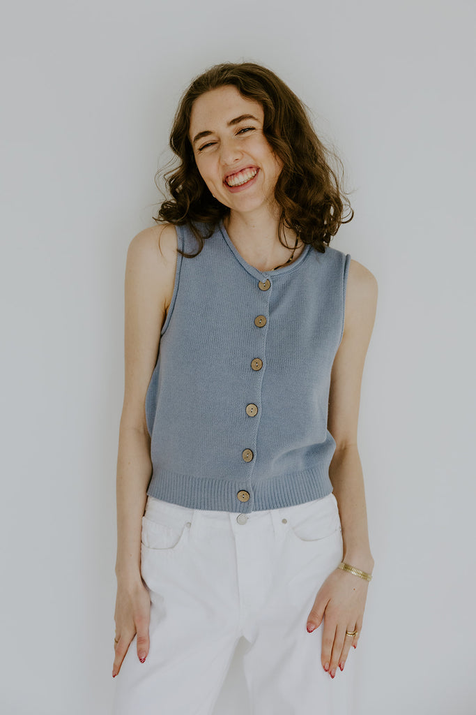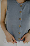 A soft knit vest inspired by breezy seaside days. Featuring faux wood buttons and a lightweight feel, it’s perfect for layering over blouses or dresses. Think coastal mornings, salty air, and effortless charm.
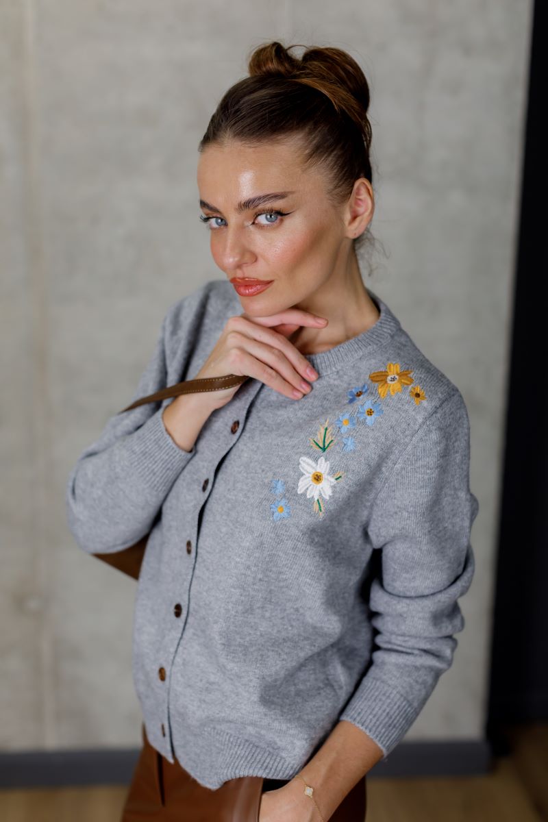 Ніжний і витончений кардиган з делікатною вишивкою квітів додає образу жіночності та шарму.
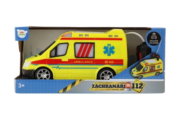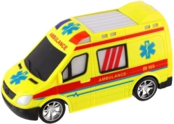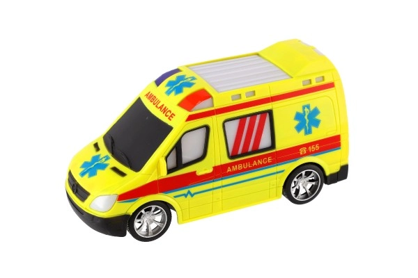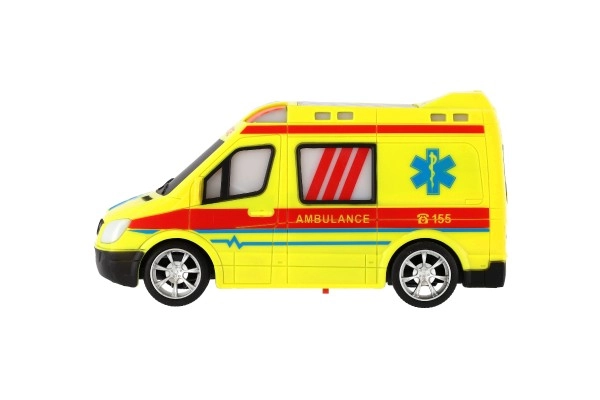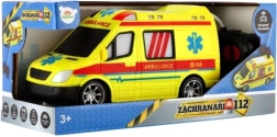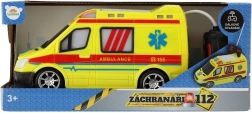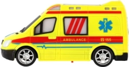 Ярко жълта линейка с детайли AMBULANCE и функционираща светлина подкрепя креативната игра на малките спасители.
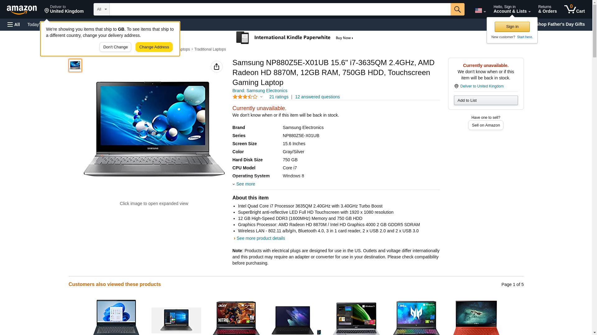 Samsung NP880Z5E-X01UB 15.6" i7-3635QM 2.4GHz, AMD Radeon HD 8870M, 12GB RAM, 750GB HDD, Touchscreen Gaming Laptop
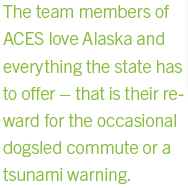 The team members of ACES love Alaska and everything the state has to offer – that is their reward for the occasional dogsled commute or a tsunami warning.

+--

- **WORK TO COMPLETE**
With pictures excluded, reproduce exactly the lines above from the one containing "Ніжний і витончений" down to the one containing "Touchscreen Gaming Laptop", those two included.

- **PROBLEM SOLUTION**
 Ніжний і витончений кардиган з делікатною вишивкою квітів додає образу жіночності та шарму.
 Ярко жълта линейка с детайли AMBULANCE и функционираща светлина подкрепя креативната игра на малките спасители.
 Samsung NP880Z5E-X01UB 15.6" i7-3635QM 2.4GHz, AMD Radeon HD 8870M, 12GB RAM, 750GB HDD, Touchscreen Gaming Laptop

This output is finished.